Online Desk: SAJIDA Foundation organised a discussion session titled ‘Fostering Resilience: The Path to Bottom-Up Mental Health Support in Climate-Affected Communities’ at the Bangladesh Pavilion of COP28 in Dubai.
The background of the session stems from the fact that, as the seventh most climate-vulnerable country in the world, Bangladesh experiences an alarming impact on mental health due to factors such as extreme heat, humidity, and frequent climate change-induced events. The repercussions of rapid, widespread climate events encompass anxiety, post-traumatic stress disorder (PTSD), elevated suicide rates, reduced well-being (stress, sadness), ecological grief, increased domestic violence, cultural erosion, and weakened social bonds.
Speakers at the session touched on these issues and how they could pose significant risks for climate-vulnerable countries like Bangladesh in the coming years.
Wameq A. Raza, senior health specialist, World Bank, said that mental health (MH) should be the focus of climate change actions.
“Nationally, 16% of the country is depressed, and 6.0% experience generalised anxiety, which is higher than the global average of 4.4%. We cannot have one national representative survey as Bangladesh needs more attention on these issues,” he said.
Dr. Ainun Nishat, professor emeritus, Centre for Climate Change and Environmental Research (C3ER), BRAC University, spoke about two effective strategies on loss and damage that can be brought over to the health space and be used in the analogy of MH as well.
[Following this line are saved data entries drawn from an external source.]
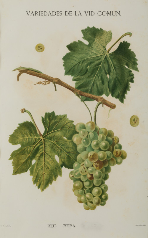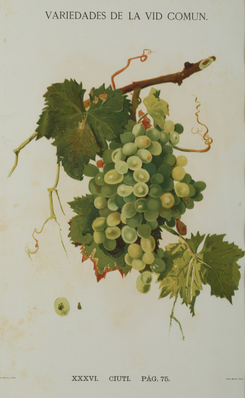 Dos variedades de uva pintadas del natural y litografiadas en color para la edición ilustrada de la obra de Clemente y Rubio: “Variedades de la Vid”, con motivo de la Primera Exposición Vinícola Nacional en 1877.
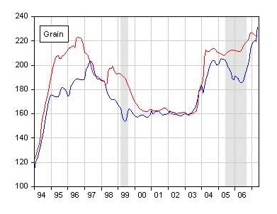 其实,此次肉价上涨,发生在2005年7月到2006年10月间一个较长的肉价下跌的阶段之后(相对于粮食价格的变化而言)。附图为1994年以来肉禽及其制品价格的变化(相对于粮价变化)有两个比较异常的时期,一个是2005年7月到2006年10月,另一个是1999年4月到8月(附图中的阴影部分。图中最后两个数字为2007年5月的价格,是作者估计的)。季节调整后居民消费的粮食和肉禽及其制品价格指数(1993年平均为100)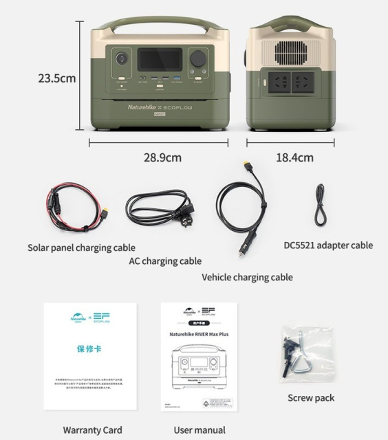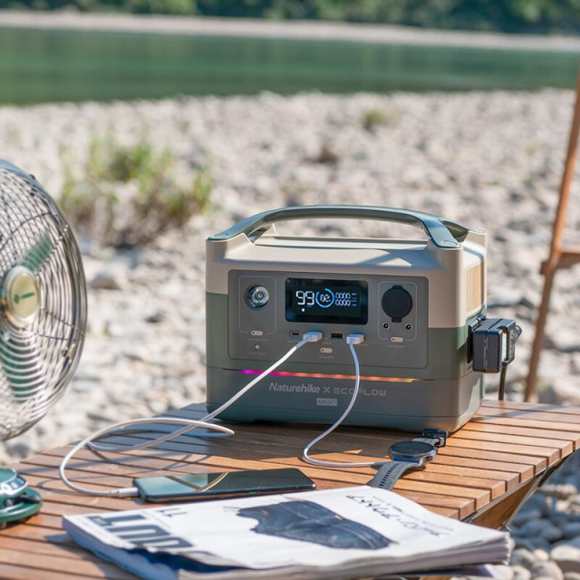 Портативна електростанція Naturehike Ecoflow Max має ємність 720 Ват/годину. Станція заряджається від мережі 220 В, від сонячних панелей або підключення до прикурювача автомобіля 12 В.

He said that the people who are involved in the rescue operations or work voluntarily with the community can, besides providing relief or supporting the community, also be trained to provide mental support for trauma.
Dr. Samiya Ahmed Selim, advisor, Climate Change Programme (CCP), SAJIDA Foundation, said, “Gathering the knowledge and resources is very important for us. So we have been working with our international partners to get the evidence to best develop the tools for bottom-up MH support. Also, we should be focusing on the non-economic loss and damage of MH. MH well-being and migration effects are not easy to quantify. We are trying to quantify the effects from our data mining programme, but we want to collaborate with others in this space on how we can further develop tools, help design.”
Tajwar Hoque, director-development programmes, SAJIDA Foundation, who also moderated the session, said, “When it comes to climate issues such as extreme heat conditions, degraded air quality and its effects, I am sure that the local partners in Bangladesh like World Bank and implementing organisations like SAJIDA can help gather evidence. We have to respond systematically and we should be strengthening approach in nature where we try to complement the existing systems that are present and try to retrofit them with our technologies, our studies and our interventions.”
Sanjay Kumar Bhowmik, first secretary of the Bangladesh Ministry of environment, Forest and Climate Change, recommended, “During a disaster, we should focus on women, children and the disadvantaged and we should include them in our policies. Volunteers who rescue the community people should treat them with equal respect. Under the ongoing Mujib Climate Prosperity Plan, we are trying to find ways about how we can improve our working conditions for survival and how we can improve what we place on our families.”
The other speakers at the session included Kyra Lilier, research assistant, Heidelberg Institute for Global Health; Dr. Valéry Ridde, director of research (Senior Research Fellow), Centre Population et Développement (CEPED) and Dr. Madeleine Thomson, head of impacts and adaptation, Climate and Health Team of Wellcome Trust.
At COP28, the SAJIDA team is sharing case studies and learning from their interventions in the form of multi-tiered community-based mental health services and technology-driven physical health services.